Antik Phalasarna'daki Demeter Tapınağı'nda devam eden arkeolojik kazılar, tapınağın ve bölgenin tarihine ışık tutmaya devam ediyor. Ağustos 2025'te devam eden kazıların amacı, adak eşyalarını kurtarmak ve tapınağın mimari kalıntılarını inceleyip restore etmektir.
Kazılar, antik kent devletinin akropolünde, 5.500 yıllık bir geçmişe sahip kutsal alanda gerçekleştiriliyor. 2022'deki kazılarda, tanrıça Demeter'e MÖ 7. yüzyıldan itibaren ibadet edildiği ortaya çıkarıldı. Başlangıçta doğal bir mağara olarak kullanılan bu alan, daha sonra genişletilerek bir tapınak inşa edildi.
2023 ve 2024'teki kazılarda, kutsal alanda adak olarak kullanılan çeşitli fiziksel kalıntılar bulundu.
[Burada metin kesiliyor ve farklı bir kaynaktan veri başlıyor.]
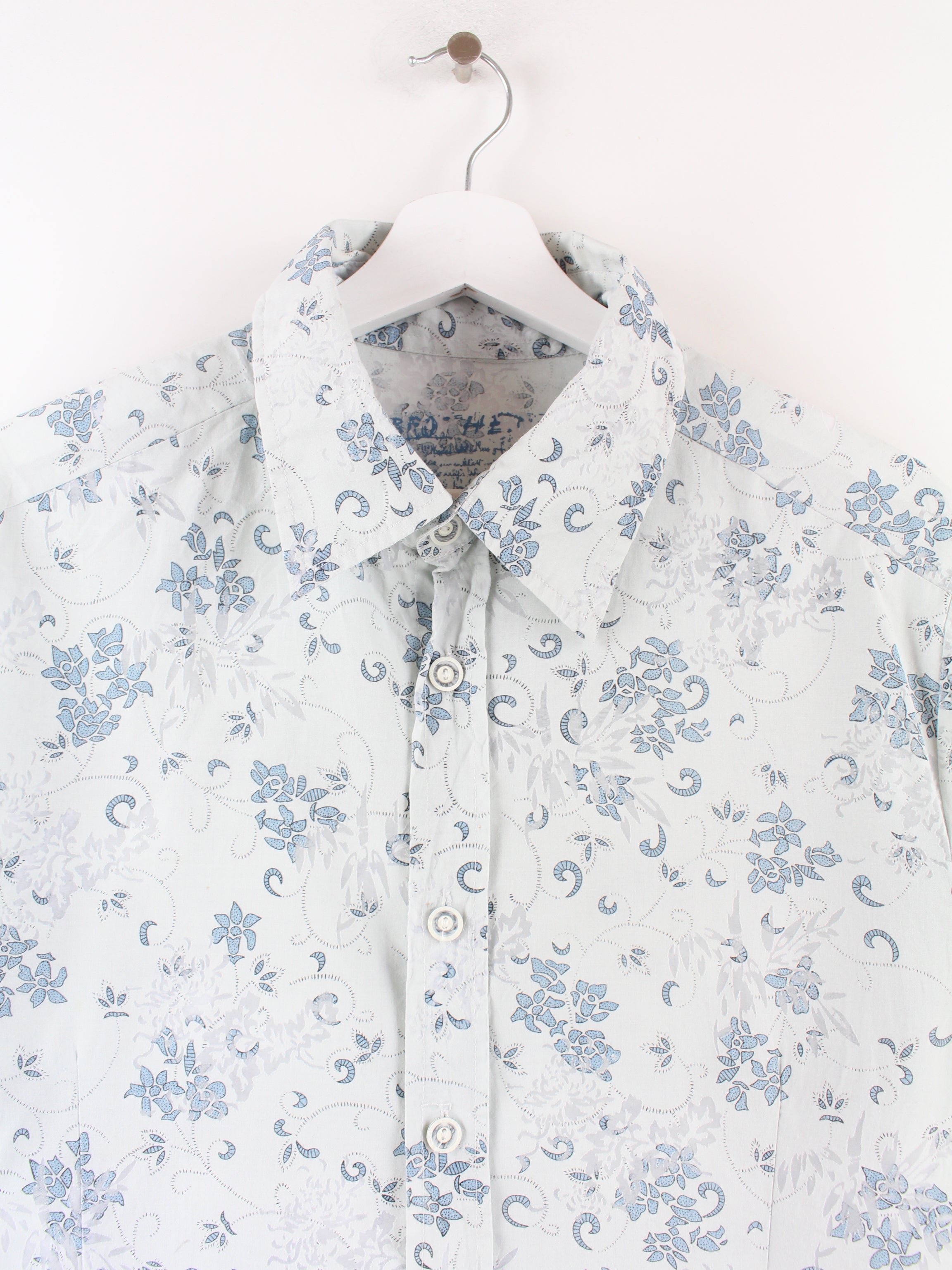 Vintage Damen Hawaii Hemd Weiß / Blau L
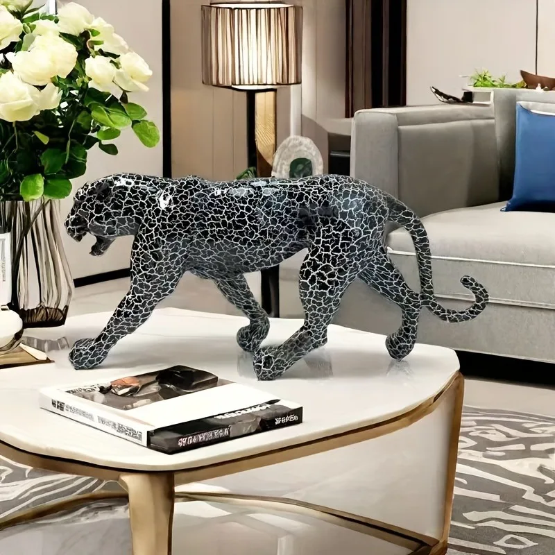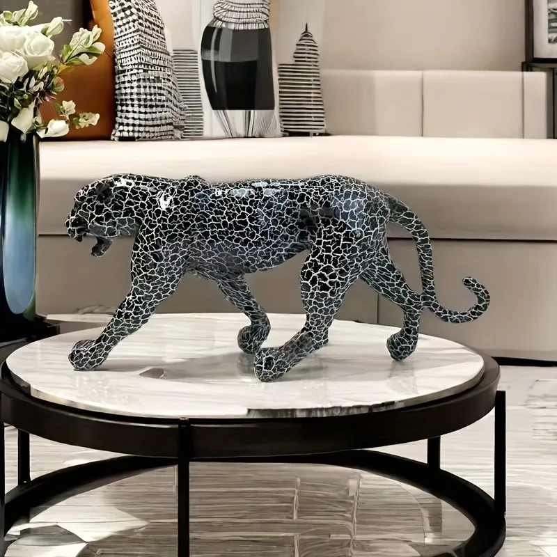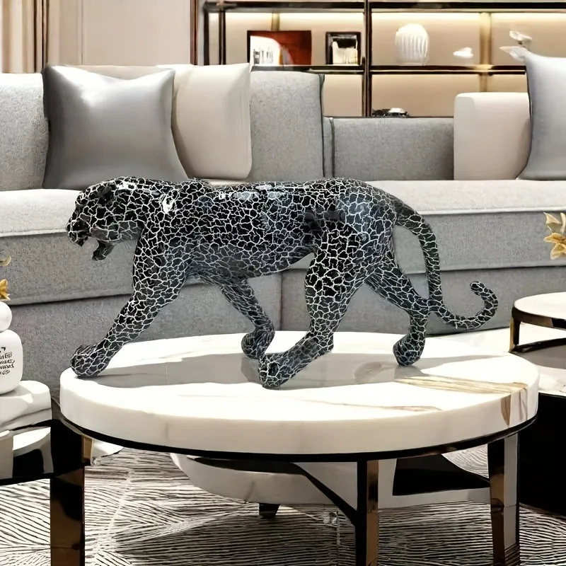 Statue de léopard moderne, sculpture géométrique de guépard en résine, décoration animale réaliste pour la maison, le salon, le bar, le bureau, 73

Bu kalıntılar arasında Geç Neolitik döneme (MÖ 3500) ve Minos dönemine ait eserler de yer alıyor.
Buluntular arasında kil figürinler, Mısır ve Fenike cam objeler ve Demeter'in adının Dor lehçesiyle yazılı olduğu vazolar bulunuyor. Ayrıca, MÖ 7. yüzyıla tarihlenen, yüksek detaylı kadın figürleri ve diademler de keşfedildi. Bu figürlerin, Fenikelilerin ana tanrıçası Astarte ile ilişkili olabileceği düşünülüyor.
Dr. Elpida Hatzidakis'in başkanlığında yürütülen kazılar, Ege Denizi Eski Eserler Müdürlüğü'nün desteğiyle arkeologlar ve mimarların işbirliğiyle devam ediyor.
Kazılarda elde edilen bulgular, Girit'te Demeter'e tapınma ve antik dönemin dini yaşamı hakkında önemli bilgiler sağlıyor. Geçtiğimiz sezonda 500'den fazla obje ve 200'den fazla mimari unsurun gün yüzüne çıkarılması, Phalasarna'daki Demeter Tapınağı'nı eşsiz bir arkeolojik alan haline getiriyor.
Tapınak, bir zamanlar limana bakan iki dağ zirvesi arasına inşa edilmiş olup, MÖ 4. ve 3. yüzyıllarda yeniden inşa edilmiştir. Tapınakta, tanrıça Demeter'e adanmış adak vazolarının bulunduğu beş adet adak sandığı bulunmuştur.
1986'da başlayan kazılar, bölgenin tarihini aydınlatmaya devam ediyor. Kazılarda elde edilen eserler, Kısamos ve Hanya müzelerinde sergilenmektedir.